An MRI of my brain would likely show less activity while processing language than the brain of someone who only speaks English. That is because bilingual brains are fitter – requiring less effort to process words than a monolingual.
Several recent studies also support the multiple cognitive benefits of bilingualism, including the ability to tune out extraneous noise, flexible ways of thinking and, possibly, protection against Alzheimer’s disease.
I did not know any of these things when I began learning French, some 30 years ago, at the Alliance Française in Paris. All I knew back then was that it seemed like a Herculean effort, an impossible task. How could I ever be expected to remember the complex rules for conjugating French verbs, the gender of various objects, not to mention the vocabulary you needed just to get by in day-to-day life?
It’s amazing what the human brain is capable of. The mental gymnastics paid off. Now I can do just about anything in French without really thinking about it, although I still struggle with numbers and have a hard time speaking to dogs and small children in that language.
Along the way, I discovered there are surprising benefits to being bilingual. Here are 5 things I’ve learned:
- Selective listening
There’s no way to become fluent in another language without improving your listening skills. You hone your ability to selectively listen – to pick up accent, identify sounds, understand structure, nuance and tone. And you learn to tune out what is not pertinent to understanding.
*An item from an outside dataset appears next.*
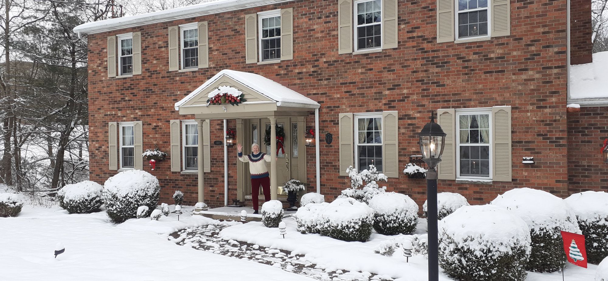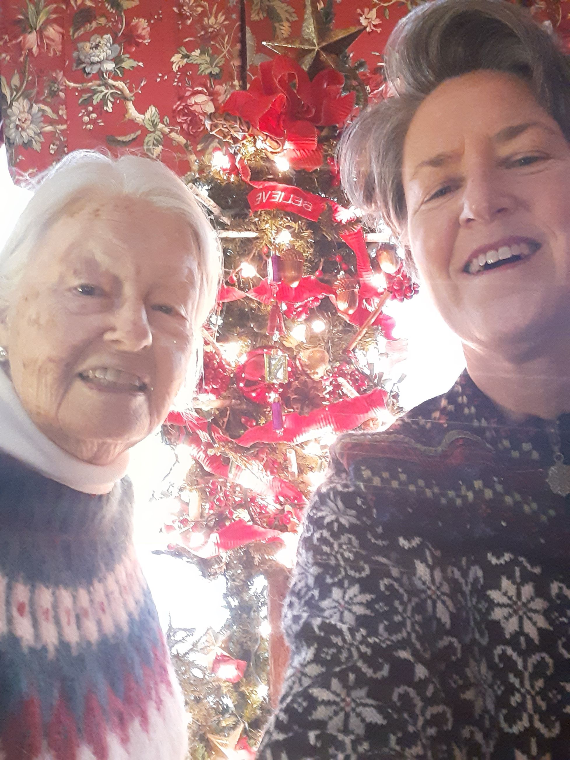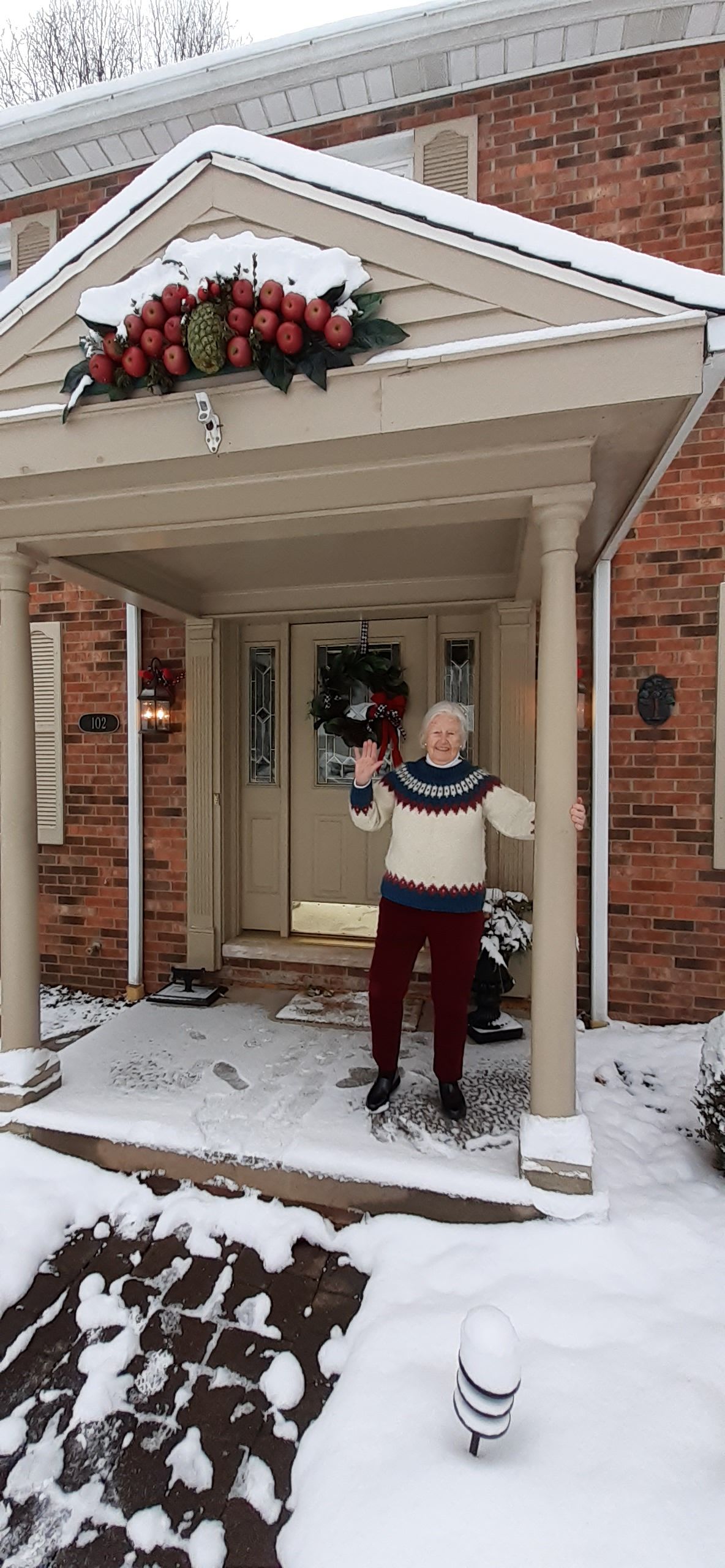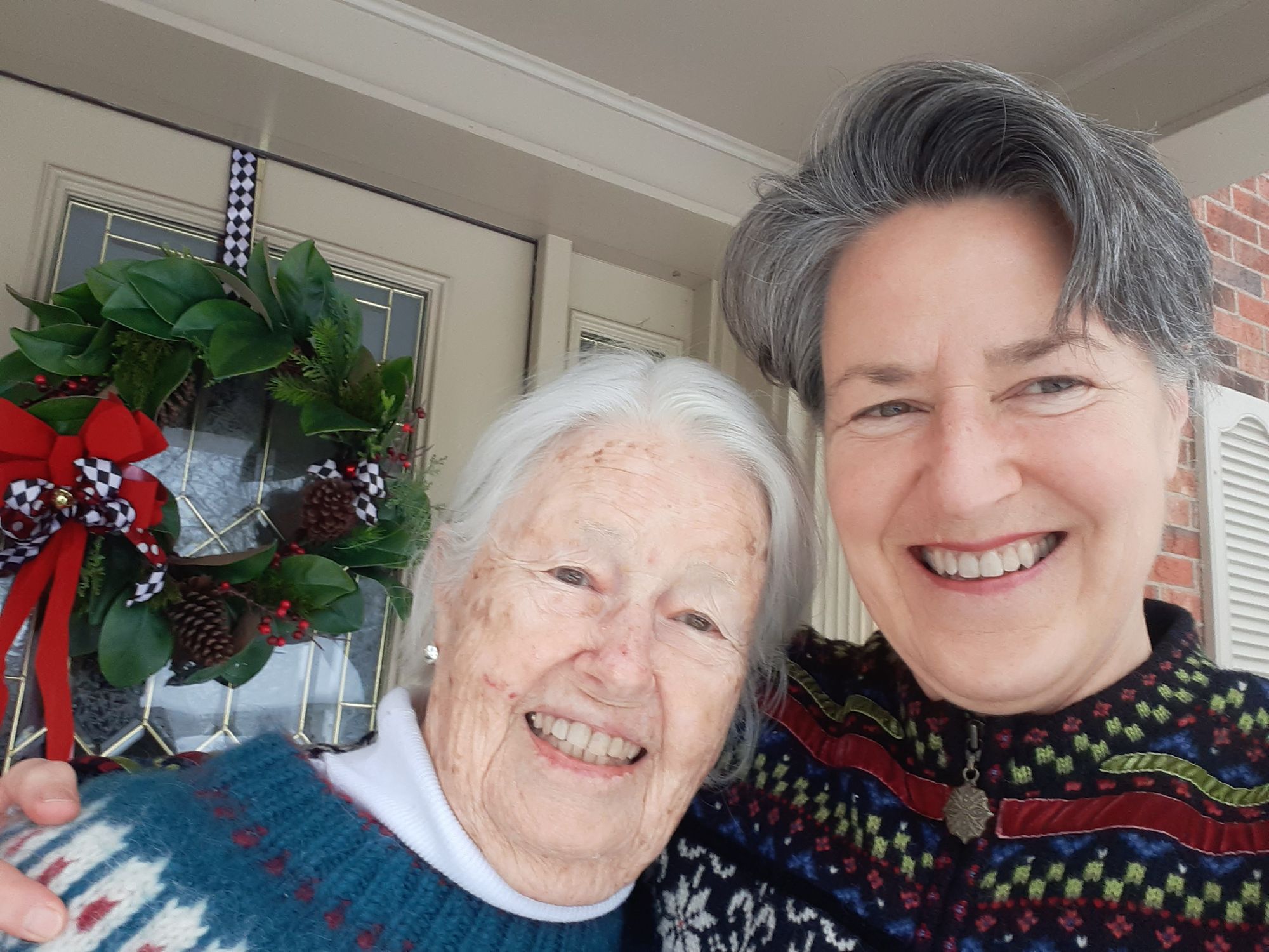 But two weeks went by in the states without me getting sick. So mom and I let the mask slip, so to speak, and began eating in the same room. (I'm writing on Jan. 1 and we're still fine). Here's mom in front of her house--always lovely at Christmas.

Most English speakers have little notion of grammar. That’s because we learn to use our language in context, not by studying its rules of grammar. French is just the opposite. I learned to separate my tenses from my participles and my pronouns from my articles, a skill that holds me in good stead for editing.
- Changing perspectives
This is one is huge. Being bilingual means you become dual in your way of looking at the world. It opens up new understanding and enables you to think outside the box. This breeds an appreciation for other ways of thinking, seeing and doing things. Learning another language forces you to accept that there is more than one way to think about something, even if it is not your way
- Non-verbal signals
When you find yourself as an adult having to communicate with the skills of a child, you are forced to find other strategies to communicate. One of these is picking up on visual cues – facial expressions, gestures, body language. This is almost as vital as words when it comes to learning not just a language, but a culture.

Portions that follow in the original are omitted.